→ **TASK**
Reproduce the listing exactly. Omit pictures.

━━━━━━━━━━━━━━━━━━━━━━━━━━━━━━

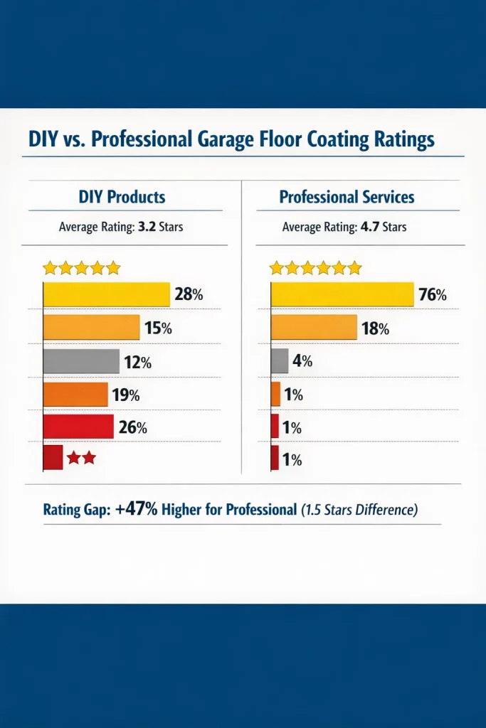 DIY garage floor coatings receive an average satisfaction rating of 3.2 out of 5 stars, while professional installations earn 4.7 stars—a 47% satisfaction gap that reflects the disappointment homeowners feel with failed DIY projects.
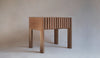 Through its solid shapes this design seeks to convey a stone-like, sculptural air. The texture of the drawer provides formal complexity, offering a series of curved planes in which the material has different tones depending on how the light falls. It connects directly with the Brutalist architecture that emerged in the 1950s, but the postmodernist language of Aldo Rossi is also present.
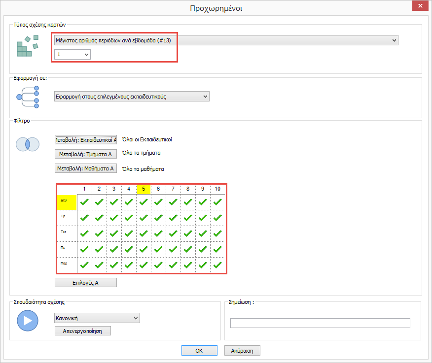 Τι σημαίνει η λειτουργία "Εφαρμογή σε" στις σχέσεις καρτών;
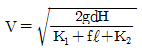 42. 수면의 높이 차이가 H인 두 저수지 사이에 지름 d, 길이 ℓ인 관로가 연결되어 있을 때 관로에서의 평균 유속(V)을 나타내는 식은? (단, f는 관마찰계수이고, g는 중력가속도이며, K1, K2는 관입구와 출구에서 부차적 손실계수이다.)
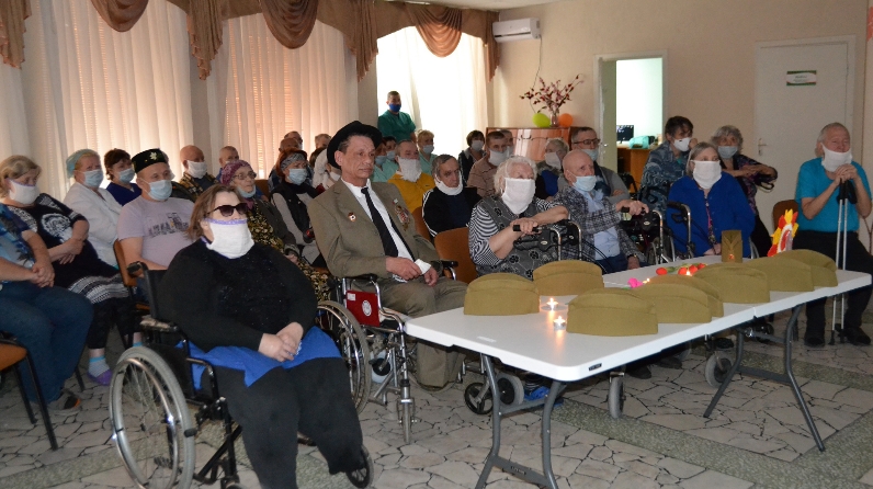 Проживающие с большим пониманием вместе с сотрудниками учреждения зажигали свечи памяти, расставляли пилотки, а затем в скорби почтили память павших в боях в ВОВ солдат минутой молчания.
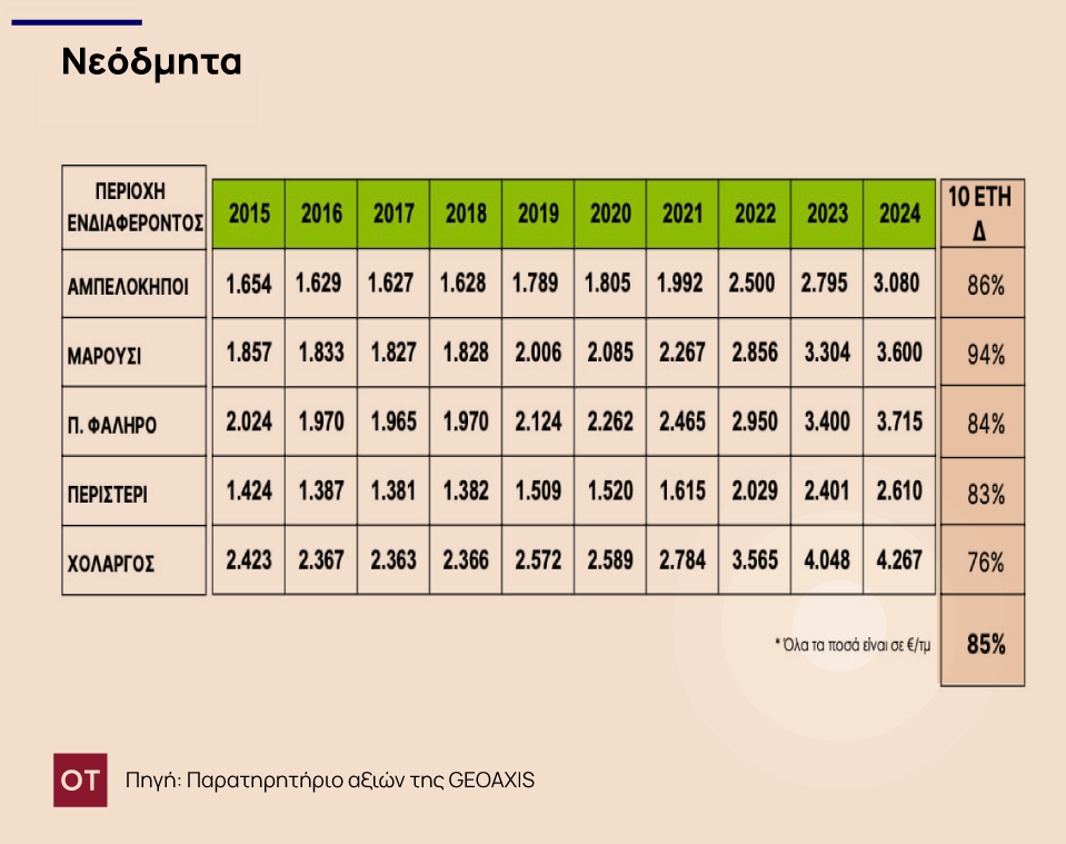 Όσον αφορά τα νεόδμητα ακίνητα και αναλυτικότερα τα διαμερίσματα μέσης επιφάνειας 105 τ.μ. η πιο ακριβή τιμή είναι ο Χολαργός με την τιμή ανά τετραγωνικό μέτρο να διαμορφώνεται στα 4.268 ευρώ/τ.μ., ενώ ακολουθούν το Παλαιό Φάληρο με 3.715 ευρώ/τ.μ., το Μαρούσι με 3.600 ευρώ/τ.μ., οι Αμπελόκηποι με 3.080 ευρώ/τ.μ. και το Περιστέρι με 2.610 ευρώ/τ.μ.

━━━━━━━━━━━━━━━━━━━━━━━━━━━━━━

→ **WRITTEN ANSWER**
 DIY garage floor coatings receive an average satisfaction rating of 3.2 out of 5 stars, while professional installations earn 4.7 stars—a 47% satisfaction gap that reflects the disappointment homeowners feel with failed DIY projects.
 Through its solid shapes this design seeks to convey a stone-like, sculptural air. The texture of the drawer provides formal complexity, offering a series of curved planes in which the material has different tones depending on how the light falls. It connects directly with the Brutalist architecture that emerged in the 1950s, but the postmodernist language of Aldo Rossi is also present.
 Τι σημαίνει η λειτουργία "Εφαρμογή σε" στις σχέσεις καρτών;
 42. 수면의 높이 차이가 H인 두 저수지 사이에 지름 d, 길이 ℓ인 관로가 연결되어 있을 때 관로에서의 평균 유속(V)을 나타내는 식은? (단, f는 관마찰계수이고, g는 중력가속도이며, K1, K2는 관입구와 출구에서 부차적 손실계수이다.)
 Проживающие с большим пониманием вместе с сотрудниками учреждения зажигали свечи памяти, расставляли пилотки, а затем в скорби почтили память павших в боях в ВОВ солдат минутой молчания.
 Όσον αφορά τα νεόδμητα ακίνητα και αναλυτικότερα τα διαμερίσματα μέσης επιφάνειας 105 τ.μ. η πιο ακριβή τιμή είναι ο Χολαργός με την τιμή ανά τετραγωνικό μέτρο να διαμορφώνεται στα 4.268 ευρώ/τ.μ., ενώ ακολουθούν το Παλαιό Φάληρο με 3.715 ευρώ/τ.μ., το Μαρούσι με 3.600 ευρώ/τ.μ., οι Αμπελόκηποι με 3.080 ευρώ/τ.μ. και το Περιστέρι με 2.610 ευρώ/τ.μ.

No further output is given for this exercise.